**RECORDS:**
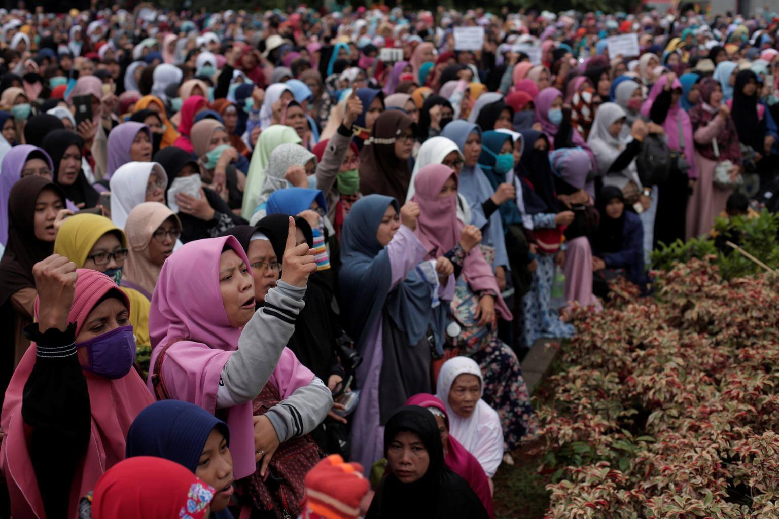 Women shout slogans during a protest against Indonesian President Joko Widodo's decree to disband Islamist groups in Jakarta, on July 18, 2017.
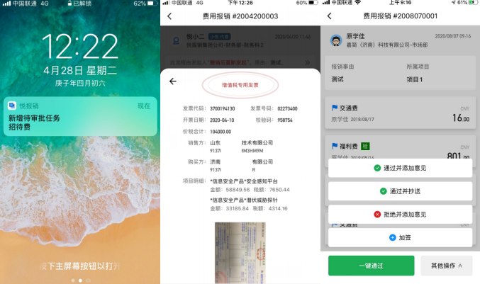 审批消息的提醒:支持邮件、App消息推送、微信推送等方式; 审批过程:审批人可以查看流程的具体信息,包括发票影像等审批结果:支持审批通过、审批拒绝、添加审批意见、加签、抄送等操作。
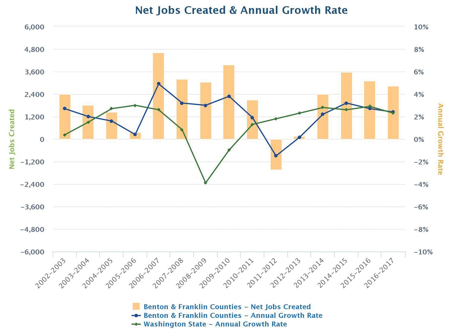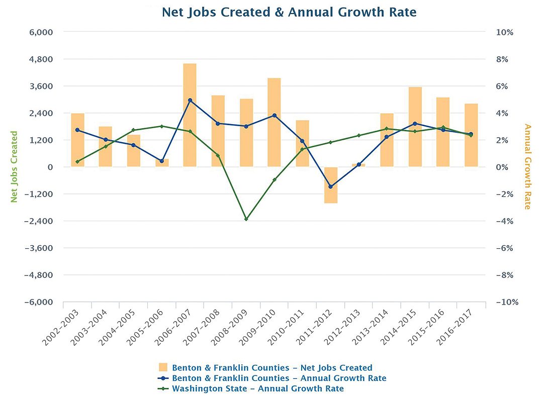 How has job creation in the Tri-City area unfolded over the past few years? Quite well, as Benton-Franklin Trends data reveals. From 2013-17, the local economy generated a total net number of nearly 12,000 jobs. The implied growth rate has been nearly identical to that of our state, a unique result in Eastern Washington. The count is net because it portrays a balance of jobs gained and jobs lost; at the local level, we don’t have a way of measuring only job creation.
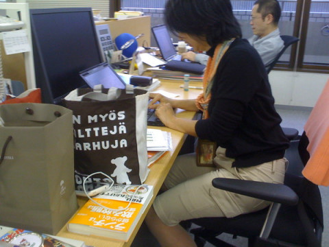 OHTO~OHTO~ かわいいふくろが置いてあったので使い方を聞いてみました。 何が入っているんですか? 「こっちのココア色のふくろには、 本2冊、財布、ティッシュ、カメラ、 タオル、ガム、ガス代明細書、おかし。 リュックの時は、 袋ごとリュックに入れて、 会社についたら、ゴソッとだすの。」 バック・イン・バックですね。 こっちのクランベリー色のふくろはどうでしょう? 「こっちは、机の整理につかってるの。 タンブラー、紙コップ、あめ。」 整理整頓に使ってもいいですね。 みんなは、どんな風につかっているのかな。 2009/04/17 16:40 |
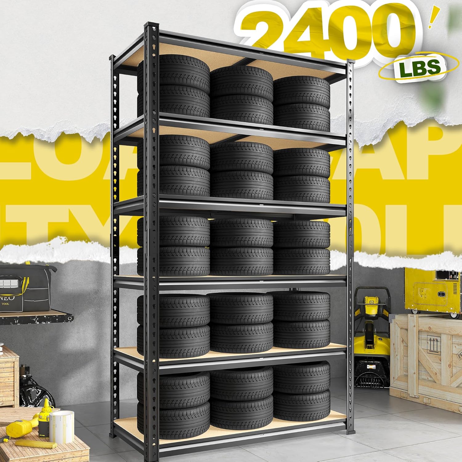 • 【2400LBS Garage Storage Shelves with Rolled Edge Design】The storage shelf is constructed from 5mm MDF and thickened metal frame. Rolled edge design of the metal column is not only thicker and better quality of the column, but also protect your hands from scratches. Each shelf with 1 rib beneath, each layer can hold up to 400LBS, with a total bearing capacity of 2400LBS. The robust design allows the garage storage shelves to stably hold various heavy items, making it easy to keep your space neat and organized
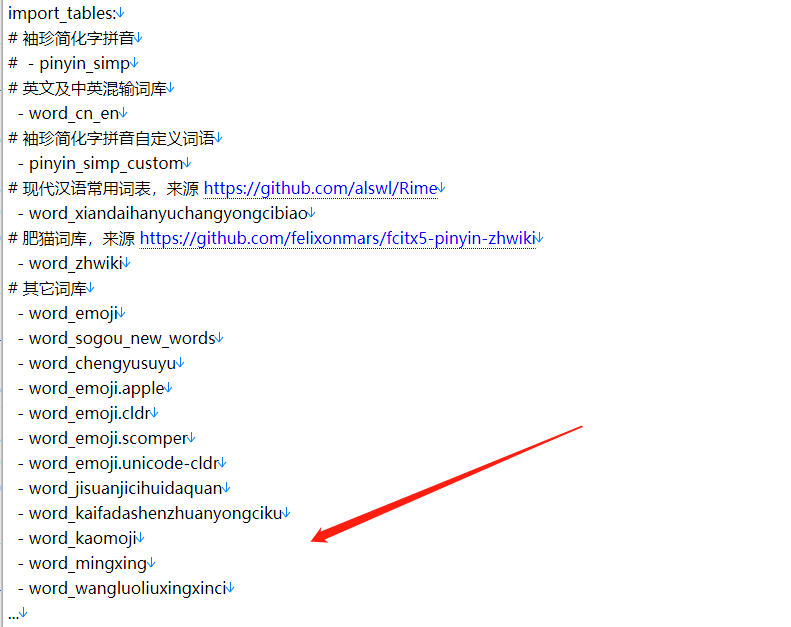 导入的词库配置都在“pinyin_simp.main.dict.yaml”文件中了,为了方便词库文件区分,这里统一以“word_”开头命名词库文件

* * *

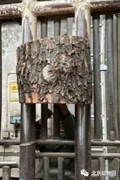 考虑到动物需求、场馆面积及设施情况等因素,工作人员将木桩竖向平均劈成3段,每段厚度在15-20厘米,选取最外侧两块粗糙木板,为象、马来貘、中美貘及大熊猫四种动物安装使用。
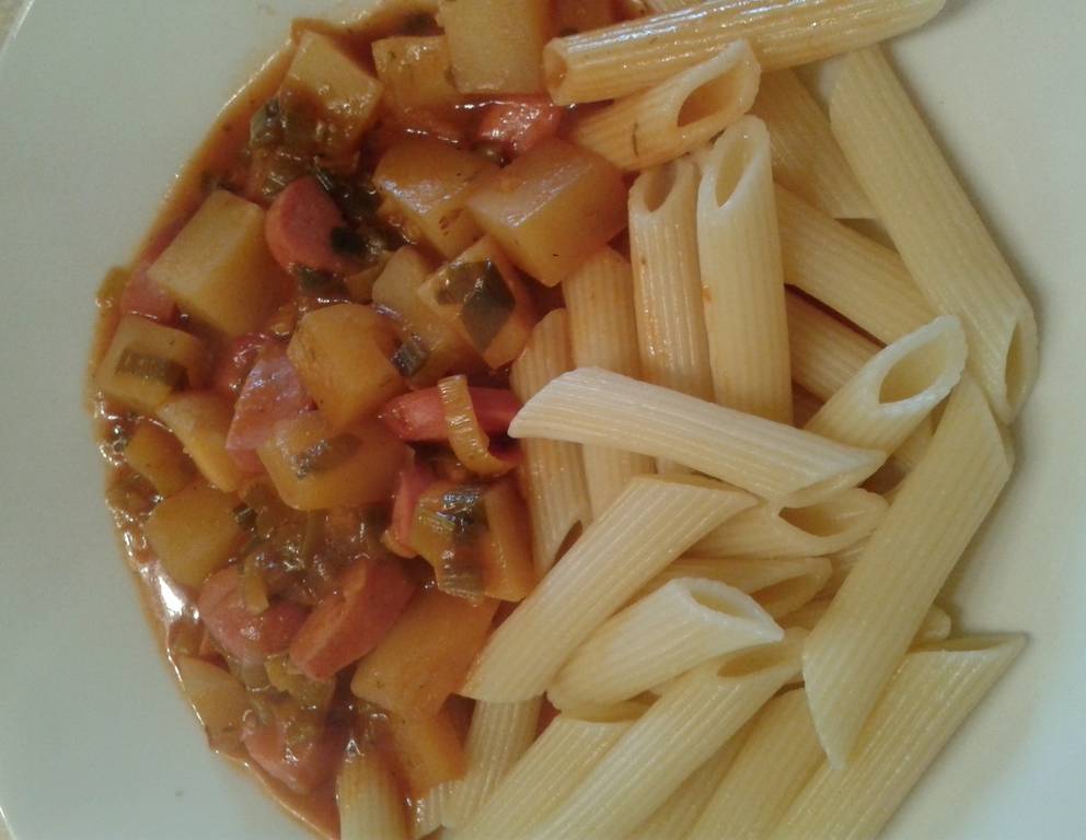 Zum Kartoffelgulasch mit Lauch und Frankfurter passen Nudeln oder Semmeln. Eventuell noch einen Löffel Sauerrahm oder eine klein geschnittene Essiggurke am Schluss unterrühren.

**PROBLEM TO SOLVE:** Nothing but the lines from the one containing "考虑到动物需求、场馆面积及设" through the one containing "Zum Kartoffelgulasch mit" should appear, copied exactly from the material above and without pictures.

**YOUR SOLUTION:**
 考虑到动物需求、场馆面积及设施情况等因素,工作人员将木桩竖向平均劈成3段,每段厚度在15-20厘米,选取最外侧两块粗糙木板,为象、马来貘、中美貘及大熊猫四种动物安装使用。
 Zum Kartoffelgulasch mit Lauch und Frankfurter passen Nudeln oder Semmeln. Eventuell noch einen Löffel Sauerrahm oder eine klein geschnittene Essiggurke am Schluss unterrühren.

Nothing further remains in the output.